Katherine Addison’s The Goblin Emperor is one of the few other books I’ve read recently that feel similar. Octavia Butler’s Parable of the Sower fits too. Not, in either case, because the writing is similar… but because the feeling of hope and perseverance despite obvious terrible circumstances is so powerful.

I’ll have to write more about this series again later, but I strongly recommend The Commonweal. If you’re good with trying military fiction, start with The March North. If you’d rather read about experimental transhuman wizard school, start with A Succession of Bad Days.

The Goblin Emperor, by Katherine Addison

GoblinEmperor

The Goblin Emperor is strangely soothing. I don’t mean that it will make you feel good the entire way through, nor that nothing bad happens; I mean that it’s touching, fun, feels real, and somehow delivers good political intrigue in a grim situation without being dark or gloomy. Also, it hooked me and kept me excited despite being a tome.

I found this book on a Tor list recommending anti-grimdark stories, and it entirely delivers.
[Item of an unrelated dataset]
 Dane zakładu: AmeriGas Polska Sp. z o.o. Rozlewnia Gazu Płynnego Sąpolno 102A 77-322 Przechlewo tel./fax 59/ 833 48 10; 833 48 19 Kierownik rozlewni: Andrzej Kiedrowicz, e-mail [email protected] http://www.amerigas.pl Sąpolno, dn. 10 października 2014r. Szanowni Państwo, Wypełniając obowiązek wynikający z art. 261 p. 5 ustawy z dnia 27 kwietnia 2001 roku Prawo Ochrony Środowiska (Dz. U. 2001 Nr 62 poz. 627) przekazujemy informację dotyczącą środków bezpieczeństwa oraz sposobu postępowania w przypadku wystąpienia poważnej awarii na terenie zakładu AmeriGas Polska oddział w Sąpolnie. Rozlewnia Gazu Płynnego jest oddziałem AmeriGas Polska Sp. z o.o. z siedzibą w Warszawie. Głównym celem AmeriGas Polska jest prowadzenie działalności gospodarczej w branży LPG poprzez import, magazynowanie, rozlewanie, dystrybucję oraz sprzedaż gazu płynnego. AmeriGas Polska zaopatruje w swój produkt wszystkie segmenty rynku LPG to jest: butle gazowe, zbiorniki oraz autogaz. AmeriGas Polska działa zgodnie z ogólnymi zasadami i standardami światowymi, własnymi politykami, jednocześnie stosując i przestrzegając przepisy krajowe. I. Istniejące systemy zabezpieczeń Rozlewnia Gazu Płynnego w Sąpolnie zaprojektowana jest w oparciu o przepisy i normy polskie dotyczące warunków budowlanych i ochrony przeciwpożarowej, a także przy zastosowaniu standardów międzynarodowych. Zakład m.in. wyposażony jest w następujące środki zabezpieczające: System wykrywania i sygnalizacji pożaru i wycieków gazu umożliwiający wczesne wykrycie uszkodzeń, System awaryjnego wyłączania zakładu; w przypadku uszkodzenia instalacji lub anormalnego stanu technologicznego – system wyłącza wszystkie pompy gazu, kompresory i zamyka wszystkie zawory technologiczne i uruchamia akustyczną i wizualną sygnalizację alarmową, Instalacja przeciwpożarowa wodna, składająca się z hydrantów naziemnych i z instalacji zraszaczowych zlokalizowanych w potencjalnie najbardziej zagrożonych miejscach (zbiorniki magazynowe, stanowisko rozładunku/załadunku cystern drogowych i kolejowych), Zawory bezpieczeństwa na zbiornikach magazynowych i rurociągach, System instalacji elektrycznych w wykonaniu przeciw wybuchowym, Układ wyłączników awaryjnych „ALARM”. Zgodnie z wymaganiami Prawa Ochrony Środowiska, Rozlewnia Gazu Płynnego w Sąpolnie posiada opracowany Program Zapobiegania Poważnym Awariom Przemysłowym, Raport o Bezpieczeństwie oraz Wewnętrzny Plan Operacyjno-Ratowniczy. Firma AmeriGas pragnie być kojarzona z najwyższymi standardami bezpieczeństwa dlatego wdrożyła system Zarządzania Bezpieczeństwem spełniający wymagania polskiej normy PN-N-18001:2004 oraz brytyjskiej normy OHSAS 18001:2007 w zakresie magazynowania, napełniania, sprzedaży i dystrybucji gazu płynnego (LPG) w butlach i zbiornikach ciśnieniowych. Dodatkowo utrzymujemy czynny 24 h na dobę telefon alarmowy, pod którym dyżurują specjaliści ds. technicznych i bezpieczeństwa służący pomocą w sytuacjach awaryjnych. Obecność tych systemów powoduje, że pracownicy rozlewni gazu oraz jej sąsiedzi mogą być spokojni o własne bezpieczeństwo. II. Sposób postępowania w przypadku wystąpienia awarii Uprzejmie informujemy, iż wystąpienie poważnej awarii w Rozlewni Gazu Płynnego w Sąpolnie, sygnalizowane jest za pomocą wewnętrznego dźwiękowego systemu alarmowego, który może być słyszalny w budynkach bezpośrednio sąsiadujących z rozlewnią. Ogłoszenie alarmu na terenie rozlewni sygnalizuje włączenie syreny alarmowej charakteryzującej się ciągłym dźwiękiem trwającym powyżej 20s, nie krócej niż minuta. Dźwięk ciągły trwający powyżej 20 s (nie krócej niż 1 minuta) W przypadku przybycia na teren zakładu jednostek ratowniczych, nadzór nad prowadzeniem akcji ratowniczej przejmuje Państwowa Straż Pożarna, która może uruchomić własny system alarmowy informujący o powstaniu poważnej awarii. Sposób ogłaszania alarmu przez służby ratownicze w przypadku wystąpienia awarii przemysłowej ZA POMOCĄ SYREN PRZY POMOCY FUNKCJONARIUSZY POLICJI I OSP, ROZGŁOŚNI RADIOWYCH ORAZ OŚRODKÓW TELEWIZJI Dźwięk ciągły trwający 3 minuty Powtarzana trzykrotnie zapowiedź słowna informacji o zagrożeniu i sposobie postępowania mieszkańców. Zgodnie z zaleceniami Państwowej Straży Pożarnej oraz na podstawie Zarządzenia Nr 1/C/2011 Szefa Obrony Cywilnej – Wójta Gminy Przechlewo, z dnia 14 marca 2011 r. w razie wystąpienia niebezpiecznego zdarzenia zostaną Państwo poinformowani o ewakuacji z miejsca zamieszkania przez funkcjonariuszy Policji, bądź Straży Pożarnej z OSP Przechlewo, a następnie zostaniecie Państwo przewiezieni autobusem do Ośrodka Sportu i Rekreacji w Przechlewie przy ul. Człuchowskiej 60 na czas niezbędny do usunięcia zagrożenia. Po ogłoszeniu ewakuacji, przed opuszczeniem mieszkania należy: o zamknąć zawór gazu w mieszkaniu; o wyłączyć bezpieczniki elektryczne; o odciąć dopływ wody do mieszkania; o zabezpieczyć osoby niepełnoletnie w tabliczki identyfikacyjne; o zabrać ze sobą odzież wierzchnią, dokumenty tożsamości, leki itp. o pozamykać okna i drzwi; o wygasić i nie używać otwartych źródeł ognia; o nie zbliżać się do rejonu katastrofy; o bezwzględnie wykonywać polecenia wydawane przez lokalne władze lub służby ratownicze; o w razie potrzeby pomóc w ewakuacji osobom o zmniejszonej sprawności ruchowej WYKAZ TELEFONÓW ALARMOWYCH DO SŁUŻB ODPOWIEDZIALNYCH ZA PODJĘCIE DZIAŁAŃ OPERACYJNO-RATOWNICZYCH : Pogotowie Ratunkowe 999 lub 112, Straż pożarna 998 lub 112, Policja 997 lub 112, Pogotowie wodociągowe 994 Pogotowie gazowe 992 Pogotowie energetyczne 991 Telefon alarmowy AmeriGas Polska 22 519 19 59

Though shelved as YA, I think everyone would like it.

You know how sometimes you don’t want a story to end? You reach the finish and sit in that lingering need to see more, stuck on the idea that surely you could get just a little more story out of the book if you squeezed it just a bit harder. That was this book for me. I wanted more, I wanted to see what came next.

But Addison timed the climax and denouement for this book extremely well: she resolved the central issues, the emotional and political struggles that swirl through the heart of the story. Then, with that resolution still in hand, she ended things; no unecessary time is spent dwelling on anything extra or outside the story. Also, no matter how much I want to read more about the good things that happen to these characters, reading about only good things would probably bore me after a while.

And, unless they launched a whole new story, I’d feel sad when things strayed from that quiet feeling of calm stability.

I have more to say. I won’t give you explicit spoilers, but bear in mind that (if you’re strongly in the anti-spoiler camp) you may glean more from my comments than you wish to know. If you want to stop here you can. You should already know by now that I recommend this book.

Anyway, you spoiler-phobes have been warned.

There’s a lot of grimdark out there. There’s an excess of stories that revel in showing us how gritty and real they are by rubbing our noses in how poorly everyone treats each other. It takes a special kind of attention, a particular exercise of will, to write political intrigue—complete with assassinations, nefarious plotting, and villains aplenty—while still clinging to an underlying optimism, and giving everyone relatable humanity.

I rarely read characters I fall in love with in political intrigue novels, people who are quite simply good. They’re usually narrative fodder, intended to show the reader how characters die. So it is an absolute joy to find that The Goblin Emperor neither ignores the dangers of trusting those who desire your power, nor casts the central character as a manipulative super-human. Instead, The Goblin Emperor allows its main character to be manipulated and suffer for his naivety, learning from his mistakes without losing his honesty and decency or being crushed beneath the novel’s narrative heel—this story doesn’t assume that to be kind one must also be stupid. It allows him to be a good person trying to do the right thing in an impossible situation, even as he struggles with the growing weight of understandable paranoia and the inability to know what choices might be the ‘right’ ones.

It helps that The Goblin Emperor doesn’t bother with irredeemable villains; even the people I came to detest still had their own reasons behind their actions. Whether obviously selfish, well-intentioned, or something else, they always felt complexly human and real.

What I’m saying, really, is that this is a good book. Katherine Addison did a good job, and made a story that I strongly recommend. It’s emotionally real, it’s sometimes grim, but it’s also hopeful. And that matters.